Warrior Pose (23 page)

Read Warrior Pose Online

Authors: Brad Willis

When I wake up in my bed the following morning, I feel like a tank rolled over me. My head is spinning, and the pain is overwhelming me again. I reach for my pants on the floor, fumble with the pockets, and find the vial of morphine tablets the Manila doctor gave me. I swallow one, then curl up on my side, gazing out my bedroom windows at the Hong Kong skyline as the drug kicks in. I can hear my breath sounding slower and louder than usual as a woozy sensation of pleasure floods my whole body. The city begins to blur, and I slip into a coma-like haze.

CHAPTER 12

Fusion

S
AN DIEGO has long been a mecca for sports medicine and some of the best back surgeons practice there. It's also where my two sisters and mother live, and they have found a top neurosurgeon and arranged for me to have an emergency evaluation and immediate surgery. It's going to be a long, tough flight out of Hong Kong, and the pain is so deep that, even after five days of bed rest, I don't see how I'm going to make it. I shake the morphine vial. Plenty of pills. I'll have to medicate myself all the way.

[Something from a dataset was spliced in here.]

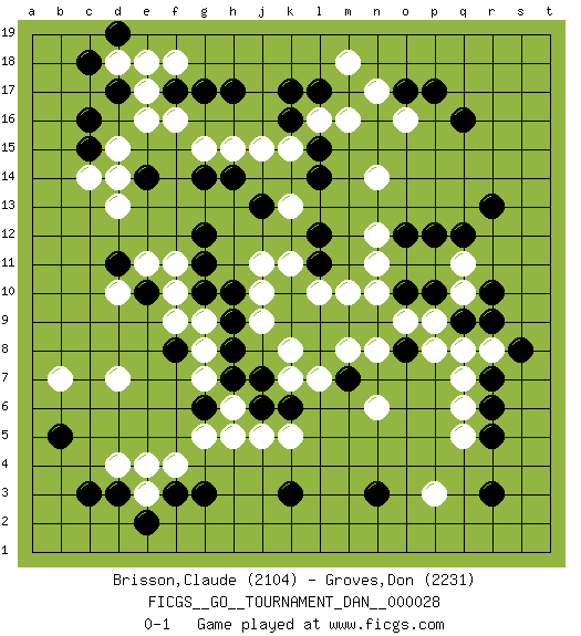 Last move : 0-1 2012 April 5 11:42:44 [Event "FICGS__GO__TOURNAMENT_DAN__000028 "] [Site "FICGS"] [Date "2012.02.02"] [Round "1"] [Black "Brisson,Claude "] [White "Groves,Don "] [Result "0-1"] [Rating 1 "2104"] [Rating 2 "2231"] 1.q16 p3 2.c3 d15 3.d17 f16 4.c15 c14 5.c16 d13 6.r3 q5 7.r5 q6 8.r6 q7 9.r7 q8 10.k3 d4 11.d3 e4 12.b5 d7 13.f3 e3 14.e2 f4 15.g3 o16 16.o17 n17 17.p17 m16 18.r13 b7 19.h17 f18 20.l17 l16 21.k17 j15 22.k16 k15 23.f17 e17 24.g17 e16 25.k9 m18 26.r9 d18 27.n3 n6 28.q9 r8 29.s8 p9 30.p10 o9 31.o10 q10 32.r10 n10 33.n9 n8 34.m9 q11 35.p12 m8 36.l8 l7 37.c18 m10 38.l9 n12 39.q12 k7 40.l12 k11 41.l11 n11 42.l14 l10 43.k10 j11 44.l15 n14 45.j13 g15 46.d19 e18 47.h14 h15 48.o12 j9 49.g12 d10 50.h9 j10 51.d11 e11 52.e10 f11 53.g11 f10 54.g10 f9 55.h8 h6 56.g6 g5 57.f8 g9 58.h10 g8 59.h7 g7 60.j6 h5 61.j7 j5 62.k6 k5 63.o8 p8 64.m7 k8 65.e14 d14 66.g14 k13 0-1 Here are the names of the openings (joseki) played in the four corners : Corner d16 : d15 d17Takamoku (Gomok, Gaomu`) 5-4 Point. The takamoku (high) point (5-4). With its emphasis on influence, the 5-4 point complements the 4-4 (hoshi) point in creating an influence-oriented fuseki.Komoku. White responds with 3-3, 3-5, 4-6, 4-7, 3-6, 3-7. Corner q4 : p3 r3Mokuhazushi (Waemok, Wai`mu`) 5-3 Point. The mokuhazushi (5-3) point was popular in the Edo period in Japan (1600 - 1867). It emphasizes influence; territorially, it is inferior to the 3-4 point.San-san. Black goes for profit at the expense of influence. A ladder helps Black when playing 2. Corner d4 : c3 d4San-San (Sam-Sam, San-San) 3-3 Point. The San-San (3-3) point, emphasizing territory at the expense of influence.Kata-tsuki (shoulder hit). The shoulder-hit is the traditional answer to the 3-3. The direction of Black 3 depends on the positions on the side. Crawling once may be the premise for a follow-up move of sliding with a knight's move in the opposite direction. If Black plays 3 at 3-4 (to the right), the follow-on knight's move is then played at the top (e.g. 3-4, 4-5, 5-2). Black's knight's move reduces territory potential on the side it is played. Corner q16 : q16 o16Hoshi (Hwajeom, Seongjeom, Xingwei`) 4-4 Point. The star or hoshi (4-4) point, emphasizing influence at the potential expense of territory.Ikken Takagakari (Hankan Nop'dakeolch'im, Yi Gaojia, 1-Space High Approach). Black typically responds at 6-4 or 3-10. Black 4-10 is played when Black finds play on the right side advantageous. Black 4-8 or 3-8 may be played when Black has support at top. Player White won this Go (weiqi, baduk) game.Follow this game move after move (download ) Keshi is worth as much as an invasion ! (Anonymous) The production of too many useful things results in too many useless people. (Karl Marx)

My current girlfriend, an American named Pamela, has been living with me here in Hong Kong for more than six months. I've been on the road so much that we've hardly seen one another. I down three morphine pills as she helps me get ready for the trip. Then I cinch my elastic brace as tight as I can get it around my lower back and limp out the front door, with an arm over Pamela's shoulder for support, as our driver pulls up in the bureau's old Mercedes to take me to Hong Kong International Airport.

Halfway there, I'm so doped up I throw up out the back window the entire way. I'm still in a stupor as they put me in another wheelchair and push me to the boarding gate, where I say good-bye to Pamela. A flight attendant helps me into a first-class seat for a seventeen-hour flight to San Diego. Sitting next to me is a glamorous American fashion model who just finished a photo shoot in Asia. As we gain altitude, she leans over and says, “Excuse me, I recognize
you from the news. I'm sorry to mention it, but you don't look so well. Are you okay?”

I'd love to be a fascinating flight companion and engage her in spellbinding conversation, but I can't even sit up straight. I begin to slur a polite response, and then suddenly become sick again, all over both of us. Flight attendants rush to the rescue. I lapse into another haze.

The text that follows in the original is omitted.